=== Section Start ===

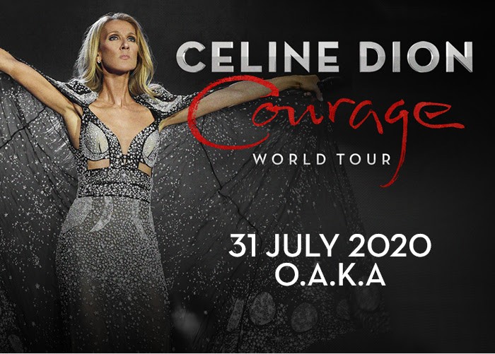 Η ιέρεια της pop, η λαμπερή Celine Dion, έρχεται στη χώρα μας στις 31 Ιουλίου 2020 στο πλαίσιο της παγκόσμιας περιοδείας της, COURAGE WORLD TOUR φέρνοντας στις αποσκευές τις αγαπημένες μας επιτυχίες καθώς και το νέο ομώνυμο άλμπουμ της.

=== Section End ===
=== Section Start ===

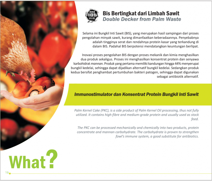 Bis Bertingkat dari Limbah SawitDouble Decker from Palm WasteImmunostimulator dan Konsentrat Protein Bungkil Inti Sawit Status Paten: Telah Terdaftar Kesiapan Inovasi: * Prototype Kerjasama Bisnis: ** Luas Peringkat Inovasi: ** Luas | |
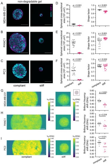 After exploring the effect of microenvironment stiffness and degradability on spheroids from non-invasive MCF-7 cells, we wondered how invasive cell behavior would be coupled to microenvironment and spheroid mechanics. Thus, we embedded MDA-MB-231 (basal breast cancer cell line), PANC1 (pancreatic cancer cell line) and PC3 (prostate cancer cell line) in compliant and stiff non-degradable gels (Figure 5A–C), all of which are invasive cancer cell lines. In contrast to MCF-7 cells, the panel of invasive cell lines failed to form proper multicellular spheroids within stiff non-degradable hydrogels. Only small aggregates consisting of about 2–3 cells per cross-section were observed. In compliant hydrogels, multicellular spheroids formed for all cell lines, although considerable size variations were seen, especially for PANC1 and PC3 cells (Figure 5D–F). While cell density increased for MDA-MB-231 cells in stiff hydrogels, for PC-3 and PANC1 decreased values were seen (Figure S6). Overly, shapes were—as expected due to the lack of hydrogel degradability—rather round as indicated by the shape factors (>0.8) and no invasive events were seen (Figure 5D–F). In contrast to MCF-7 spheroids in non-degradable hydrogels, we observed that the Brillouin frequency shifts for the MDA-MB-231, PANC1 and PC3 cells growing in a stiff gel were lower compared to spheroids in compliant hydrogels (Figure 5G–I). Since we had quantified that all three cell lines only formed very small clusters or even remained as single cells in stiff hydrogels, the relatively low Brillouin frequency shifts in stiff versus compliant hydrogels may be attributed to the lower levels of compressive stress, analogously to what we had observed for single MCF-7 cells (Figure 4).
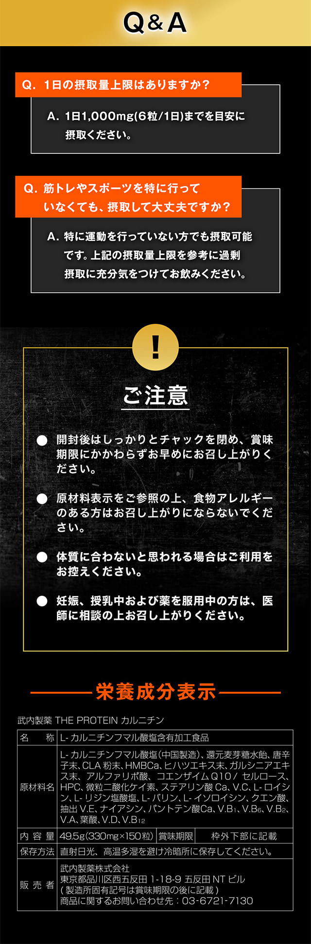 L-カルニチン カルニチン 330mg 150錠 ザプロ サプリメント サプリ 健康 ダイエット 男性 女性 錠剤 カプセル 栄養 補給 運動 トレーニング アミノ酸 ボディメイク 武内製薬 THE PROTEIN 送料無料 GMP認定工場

=== Section End ===
=== Section Start ===

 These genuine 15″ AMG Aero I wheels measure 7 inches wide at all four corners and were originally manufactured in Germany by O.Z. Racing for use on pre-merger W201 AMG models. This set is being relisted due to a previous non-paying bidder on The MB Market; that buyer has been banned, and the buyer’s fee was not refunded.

=== Section End ===

## PROBLEM DETAILS
From the material above, give again exactly the lines from the one that contains "After exploring the" through the one that contains "L-カルニチン カルニチン 330mg", and leave out the pictures.

## EXERCISE OUTPUT
 After exploring the effect of microenvironment stiffness and degradability on spheroids from non-invasive MCF-7 cells, we wondered how invasive cell behavior would be coupled to microenvironment and spheroid mechanics. Thus, we embedded MDA-MB-231 (basal breast cancer cell line), PANC1 (pancreatic cancer cell line) and PC3 (prostate cancer cell line) in compliant and stiff non-degradable gels (Figure 5A–C), all of which are invasive cancer cell lines. In contrast to MCF-7 cells, the panel of invasive cell lines failed to form proper multicellular spheroids within stiff non-degradable hydrogels. Only small aggregates consisting of about 2–3 cells per cross-section were observed. In compliant hydrogels, multicellular spheroids formed for all cell lines, although considerable size variations were seen, especially for PANC1 and PC3 cells (Figure 5D–F). While cell density increased for MDA-MB-231 cells in stiff hydrogels, for PC-3 and PANC1 decreased values were seen (Figure S6). Overly, shapes were—as expected due to the lack of hydrogel degradability—rather round as indicated by the shape factors (>0.8) and no invasive events were seen (Figure 5D–F). In contrast to MCF-7 spheroids in non-degradable hydrogels, we observed that the Brillouin frequency shifts for the MDA-MB-231, PANC1 and PC3 cells growing in a stiff gel were lower compared to spheroids in compliant hydrogels (Figure 5G–I). Since we had quantified that all three cell lines only formed very small clusters or even remained as single cells in stiff hydrogels, the relatively low Brillouin frequency shifts in stiff versus compliant hydrogels may be attributed to the lower levels of compressive stress, analogously to what we had observed for single MCF-7 cells (Figure 4).
 L-カルニチン カルニチン 330mg 150錠 ザプロ サプリメント サプリ 健康 ダイエット 男性 女性 錠剤 カプセル 栄養 補給 運動 トレーニング アミノ酸 ボディメイク 武内製薬 THE PROTEIN 送料無料 GMP認定工場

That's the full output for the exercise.